The percentage of CD8+ cells in the CD3+ population 7 days after depletion was compared to the levels before depletion. a–c, Sample flow cytometry shows the absence of CD8β+ cells as part of the CD3+ T cell population after depletion in the peripheral blood (a), rectum (b) and lymph nodes (c) of macaques. Similar results were found across all CD8-depleted macaques (n = 28 biologically independent samples). d, The percentage of CD8β+ cells compared to pre-depletion baseline was calculated in all CD8-depleted macaques (treated with or without N-803, n = 28 macaques) across blood and tissue samples (no differences in CD8+ T cell depletion were observed between groups 2 and 3 on day 7). A two-sided Friedman test was used to calculate statistically significant changes compared to baseline across tissues. e, Depletion of NK cells in the peripheral blood was assessed 1 week after CD8 depletion alone (n = 14 macaques) compared to baseline. Statistical significance was calculated using Wilcoxon signed-rank test. Data are mean ± s.e.m.

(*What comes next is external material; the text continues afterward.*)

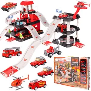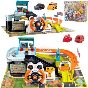 Zestaw posiada wiele zastosowań, ruchomych elementów, zjeżdżalni, podnośników. Samochody swobodnie przejeżdżają po całej trasie.
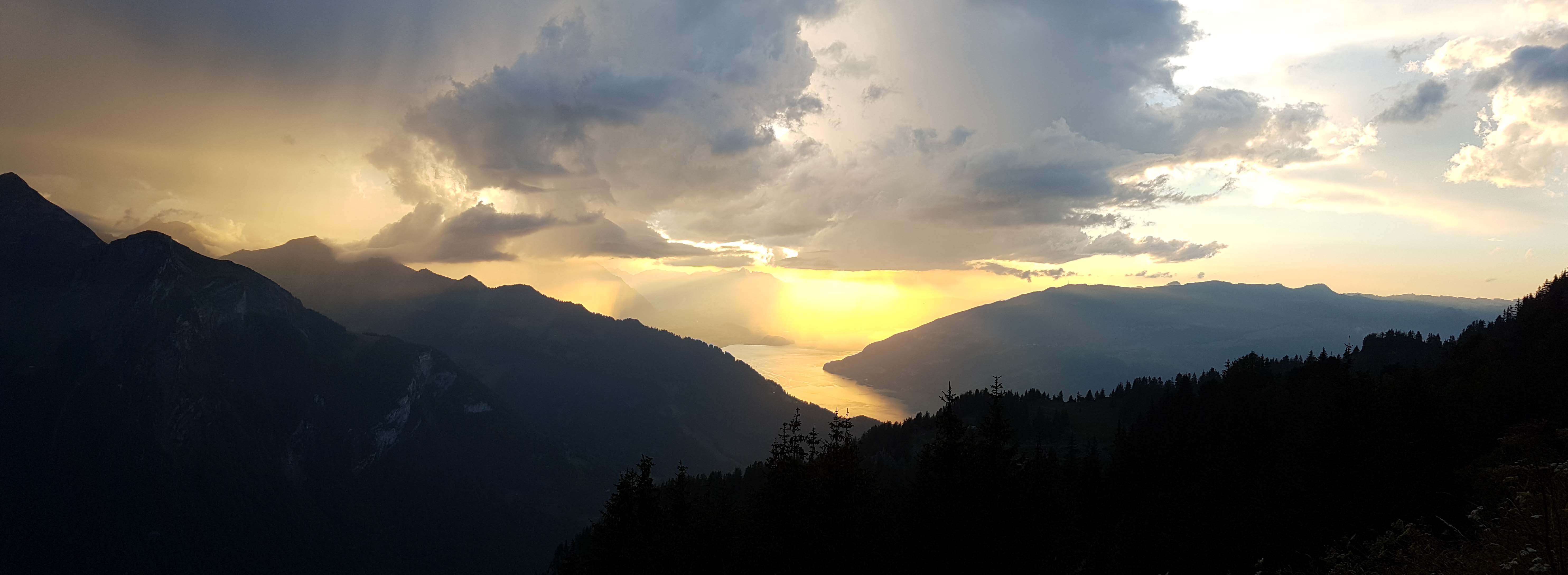 Das kleine Gewitter das über den Thunersee zog war als Wetterereignis absolut unbedeutend, zusammen mit der untergehenden Sonne bot es aber eine optische Show die ganz grosses Kino war! Beobachtet und genossen von der Schynigen Platte aus.

Extended Data Fig. 2 Phenotypic changes to CD4+ T cells after intervention.
Longitudinal flow cytometry analysis after treatment with only N-803 (green, n = 7 macaques), only CD8 depletion (blue, n = 14 macaques) and after CD8 depletion and treatment with N-803 (red, n = 14 macaques). a, CD4+ T cell frequency. b–f, Percentage of naive (b), stem cell memory (SCM) (c), central memory (CM) (d), transitional memory (TM) (e) and effector memory (EM) (f) CD4+ T cells. g–l, Percentage of bulk CD4+ T cells that express PD-1 (g), CD25 (h), CD69 (i), HLA-DR (j), CCR5 (k) and both CCR5 and Ki-67 (l). m–v, CCR5 (m–q) and Ki-67 (r–v) expression in different subsets of CD4+ T cells. Data are mean ± s.e.m. Two-sided Kruskal–Wallis tests were used to compare values after the intervention to the pre-intervention baseline and approximate P-value summaries are provided.

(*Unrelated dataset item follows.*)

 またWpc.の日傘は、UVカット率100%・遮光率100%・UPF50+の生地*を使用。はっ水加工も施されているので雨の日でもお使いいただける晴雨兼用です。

Extended Data Fig. 3 SIV-associated genes and IL-15 subunit genes show a transient change in expression after treatment with N-803 alone.

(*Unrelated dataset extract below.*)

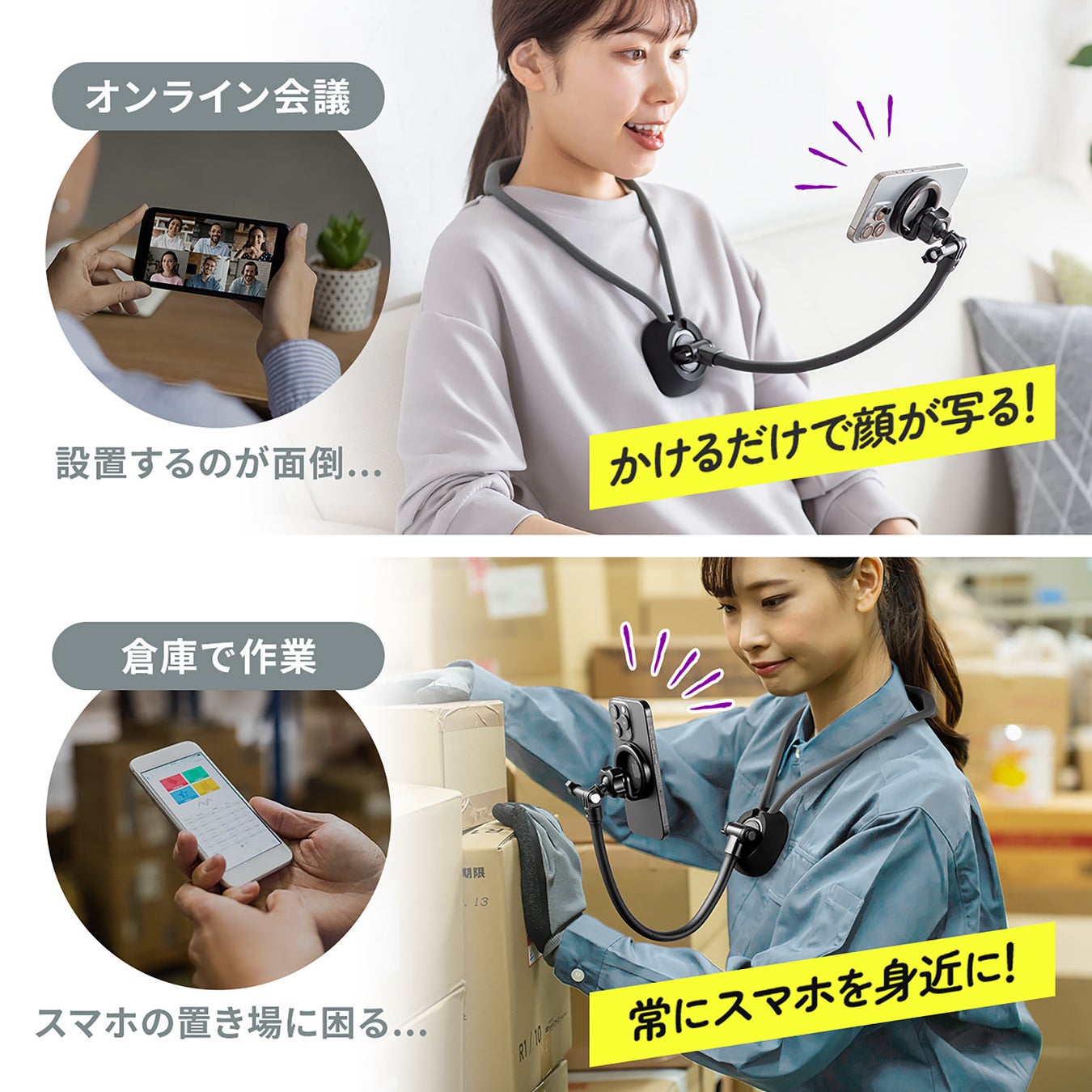 サンワサプライ株式会社(本社:岡山市北区田町1-10-1、 代表取締役社長 山田 和範)が運営している直販サイト『サンワダイレクト』では、首にかけるだけでどこでもスマホを使用できる首掛けフレキシブルアームスタンド「200-DGCAM040(汎用ホルダー)」と「200-DGCAM041(MagSafe対応ホルダー)」を発売しました。

RNA was extracted from sorted peripheral bulk CD4+ T cells (CD3+CD4+CD8−CD20−CD14−) (left), bulk CD8+ T cells (CD3+CD4−CD8+CD20−CD14−) (middle) and NK cells (CD3−CD20−CD14−NKG2A+) (right) and libraries were prepared, normalized, pooled and clustered on flow cells for sequencing. RNA-sequencing data were aligned to the MacaM v.7.8 assembly of the Indian rhesus macaque genome. Transcripts were analysed for alignment against a custom gene set with SIV host restriction factors, PPIA (capsid folding protein), SIV receptors, SIV receptor agonists, NF-κB subunits (involved in mediating the transcription of long-terminal repeat regions), IL-15 receptor subunits and NFAT subunits. D, day; W, week.
Extended Data Fig. 4 Quantification of levels of cell-associated SIV RNA in peripheral CD4+ T cells before and after interventions.
a–c, Changes in expression of SIV RNA in relation to the number of copies of CD4 after intervention with N-803 alone (n = 7 macaques) (a), CD8 depletion alone (n = 7 macaques) (b) or CD8 depletion combined with N-803 (n = 7 macaques) (c). Data are mean ± s.e.m. Two-sided Wilcoxon signed-rank tests were used to compare values after the intervention to the pre-intervention baseline.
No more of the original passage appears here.